The following config will sync data to an Opensearch cluster running on localhost:9200:

kind: destination
spec:
  name: opensearch
  path: cloudquery/opensearch
  registry: cloudquery
  version: "v1.2.35"
  write_mode: "overwrite-delete-stale"
  spec:
    # Optional parameters
    # addresses: ["http://localhost:9200"]
    # username: ""
    # password: ""
    # ca_cert: ""
    # concurrency: 5 # default: number of CPUs
    # batch_size: 1000
    # batch_size_bytes: 5242880 # 5 MiB
    # aws_signing:
    #  region: "us-west-2"

The Opensearch destination utilizes batching, and supports batch_size and batch_size_bytes.

It supports append, overwrite and overwrite-delete-stale write modes. The default write mode is overwrite-delete-stale.

Opensearch Spec #

This is the spec used by the Opensearch destination plugin.

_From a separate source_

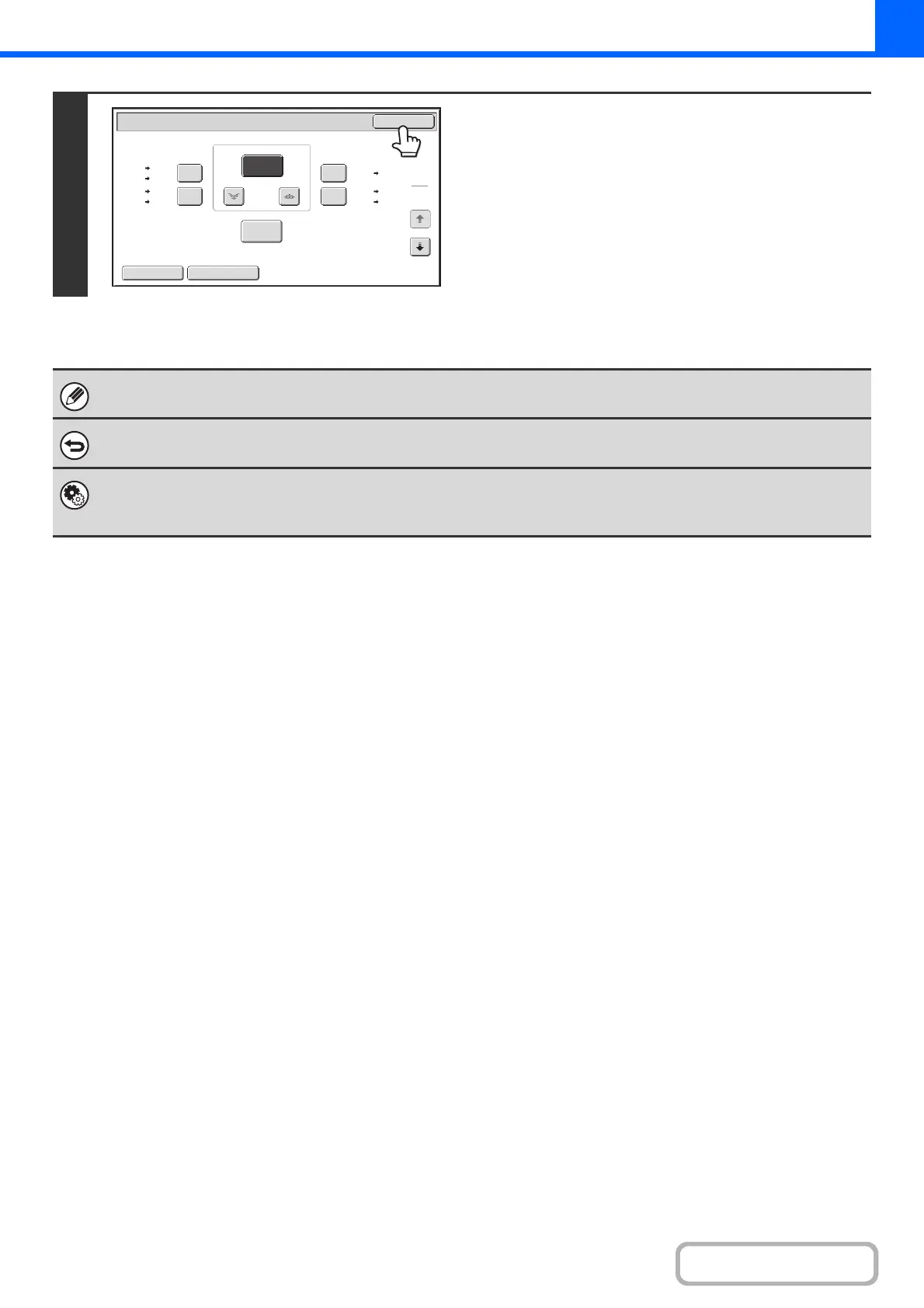 To return the ratio setting to 100%, touch the [Copy Ratio] key to display the ratio menu and then touch the [100%] key.

addresses ([]string) (optional) (default: ["http://localhost:9200"])
A list of Opensearch nodes to use.
username (string) (optional)
Username for HTTP Basic Authentication.
password (string) (optional)
Password for HTTP Basic Authentication.
ca_cert (string) (optional)
PEM-encoded certificate authorities. When set, an empty certificate pool will be created, and the certificates will be appended to it. See file variable substitution for how to read this value from a file.
concurrency (string) (optional) (default: number of CPUs)
Number of concurrent worker goroutines to use for indexing.
batch_size (integer) (optional) (default: 1000)
Maximum number of items that may be grouped together to be written in a single write.
batch_size_bytes (integer) (optional) (default: 5242880 (5 MiB))
Maximum size of items that may be grouped together to be written in a single write.
aws_signing (aws_signing_spec) (optional)
AWS signing configuration used to enable AWS request signing for requests to the AWS Opensearch Service.

aws_signing_spec #

region (string) (required)
AWS region to use for signing.

Index Template Creation #

The Opensearch destination will create an index template for every table during the migration step. It is recommended that you use the generated index templates, as it will automatically create indexes with the correct mappings for the table. However, to skip index template creation (or use your own), you may use the --no-migrate option when running cloudquery sync.

Index Naming #

Index names will be formatted according to the selected write mode:

append: indexes will be named using the format <table_name>-<YYYY-MM-DD>. In other words, a new index will be created every day the table is synced. Entries will never be overwritten.
overwrite: indexes will be named using the format <table_name>. Objects with duplicate primary keys will be overwritten.
overwrite-delete-stale: indexes will be named using the format <table_name>. Objects with duplicate primary keys will be overwritten, and any objects that are not present in the current sync will be deleted.

Index templates will also be created such that they match the index names generated by the selected write mode.

Querying From Opensearch Dashboard #

To query data from the Opensearch Dashboard, you will need to configure the index patterns. To query a specific table, the index pattern should be in the format <table_name>-*. For example, if you have a table named aws_ec2_instances, you should create a data view with index pattern named aws_ec2_instances-*. One useful feature of Opensearch, however, is the ability to query across all data. To do this for the aws source plugin, for example, you may use an index pattern named aws_*. This will then allow queries across all tables synced by the aws source plugin.

Underlying library #

We use the official opensearch-go package. It is tested against Opensearch 8.6.0. Please open an issue if you encounter any problems with this (or another) version.

Authentication #

The plugin authenticates with your account(s) using AWS request signing.

There are multiple ways to authenticate with AWS, and the plugin respects the AWS credential provider chain. This means that CloudQuery will follow the following priorities when attempting to authenticate:

The AWS_ACCESS_KEY_ID, AWS_SECRET_ACCESS_KEY, AWS_SESSION_TOKEN environment variables.
The credentials and config files in ~/.aws (the credentials file takes priority).
You can also use aws sso to authenticate cloudquery - you can read more about it here.
IAM roles for AWS compute resources (including EC2 instances, Fargate and ECS containers).

You can read more about AWS authentication here and here.

Environment Variables #

CloudQuery can use the credentials from the AWS_ACCESS_KEY_ID, AWS_SECRET_ACCESS_KEY, and AWS_SESSION_TOKEN environment variables (AWS_SESSION_TOKEN can be optional for some accounts). For information on obtaining credentials, see the AWS guide.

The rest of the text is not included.